Evanescence poursuit son chemin dans un espace où rock alternatif, metal mélodique et atmosphères sombres se répondent. Sanctuary vaut pour cette capacité à transformer la fragilité en puissance dramatique, sans renoncer à l’ampleur émotionnelle qui a toujours défini le groupe.

Architects Of A New Weave – Evergrey (5 juin)

Evergrey reste l’un des groupes les plus constants du metal progressif mélodique, avec un goût marqué pour les climats mélancoliques et les structures solides. Architects Of A New Weave prolonge cette identité, entre élégance, gravité et maîtrise.

Juillet

Splat! – Deep Purple (3 juillet)

Deep Purple arrive en juillet avec le poids d’une histoire immense, mais aussi avec cette longévité qui force le respect. Splat! rappelle que le hard rock classique continue d’exister non comme une relique, mais comme une langue encore parlée par ceux qui l’ont façonnée.

Far From God – Moonspell (3 juillet)

Moonspell referme cette sélection provisoire avec son goût habituel pour les atmosphères sombres, mélodiques et gothiques. Far From God apporte une conclusion idéale à ce premier panorama de 2026, parce qu’il incarne cette part plus nocturne et théâtrale du metal européen.

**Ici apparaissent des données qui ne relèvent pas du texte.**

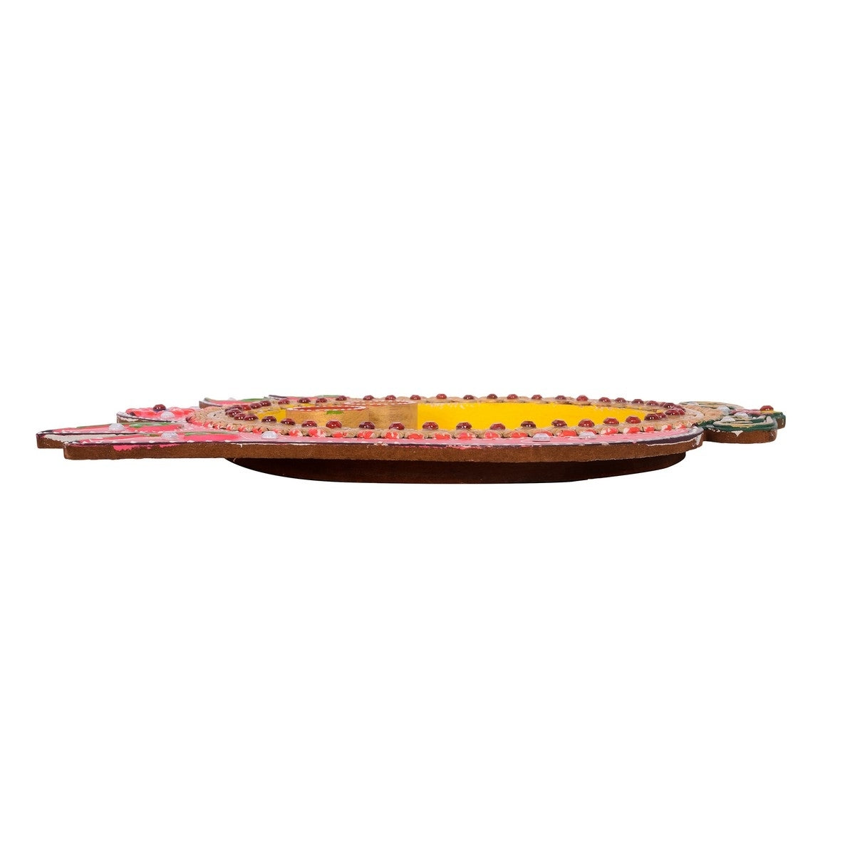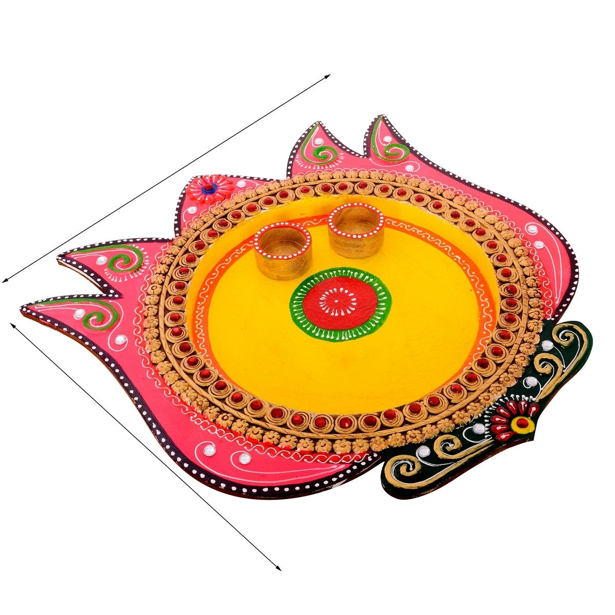 Product Description - offer prayers in style with this majestic Papier-Mache Lotus Design Multiutility Pooja Thali. A embellished border adds to its grace whereas a yellow color in the center makes it auspicious. Complemented with a roli-tikka container it will surely make celebrations memorable. Expert workmanship on this papier-mache pooja plate awards it a dazzling look with Red and Pink enamelwork. For its incredible appeal, it serves as an ideal gift for your loved ones, family and friends. This Pooja Thali is diligently handcrafted by skilled artisans from the house of eCraftIndia using various traditional techniques.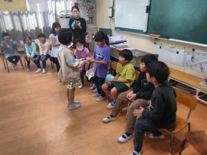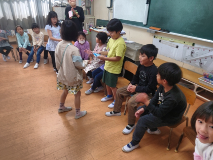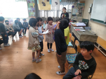 学活の時間に、10月生まれの友達をお祝いし、みんなで室内ゲームをして楽しむ「おたんじょう日会」をしました。

Un premier semestre qui donne le ton

Si tous ces disques ne tiendront pas forcément leurs promesses, une chose est déjà certaine : 2026 s’annonce comme un excellent cru pour les amateurs de rock et de metal. Entre légendes toujours actives, formations contemporaines au sommet de leur art et projets plus audacieux, cette première moitié d’année témoigne d’une scène toujours aussi vivante.

Reste désormais à voir si le second semestre saura maintenir ce niveau d’intensité, ou réserver quelques surprises supplémentaires.